Final
- Champions: Eudice Chong Magali Kempen
- Runners-up: Aldila Sutjiadi Vera Zvonareva
- Score: 6–3, 2–6, [10–6]

Events
| Singles | Doubles |
- ← 2025 · Grand Prix SAR La Princesse Lalla Meryem · 2027 →

= 2026 Grand Prix SAR La Princesse Lalla Meryem – Doubles =

Eudice Chong and Magali Kempen defeated Aldila Sutjiadi and Vera Zvonareva in the final, 6–3, 2–6, [10–6] to win the doubles tennis title at the 2026 Morocco Open.
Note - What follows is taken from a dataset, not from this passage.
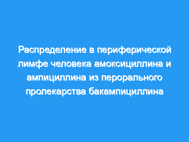 Соединения показали сходные диапазоны концентраций в сыворотке и лимфе, средняя индивидуальная пиковая концентрация, площадь под кривыми концентрации и период полувыведения в сыворотке составили 9,6 мг/л, 24,8 мг/ч/л и 0,80 ч соответственно для амоксициллина и 11,0 мг/л, 21,4 мг/ч/л и 0,93 ч для ампициллина из bacampicilli.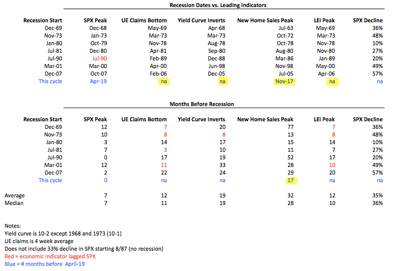 Equity prices typically fall ahead of the next recession, but the macro indictors highlighted above weaken even earlier and help distinguish a 10% correction from an oncoming prolonged bear market. On balance, these indicators are not hinting at an imminent recession (a recent post on this is here).

Chong became the first player representing Hong Kong to win a tour level title since Patricia Hy in 1986.

Maya Joint and Oksana Kalashnikova were the reigning champions, but Joint chose to compete in Strasbourg instead and Kalashnikova did not participate this year.

==Seeds==

1. INA Aldila Sutjiadi / Vera Zvonareva (final)
2. JPN Miyu Kato / MEX Giuliana Olmos (first round)
3. JPN Shuko Aoyama / TPE Liang En-shuo (quarterfinals)
4. CZE Anastasia Dețiuc / Irina Khromacheva (semifinals)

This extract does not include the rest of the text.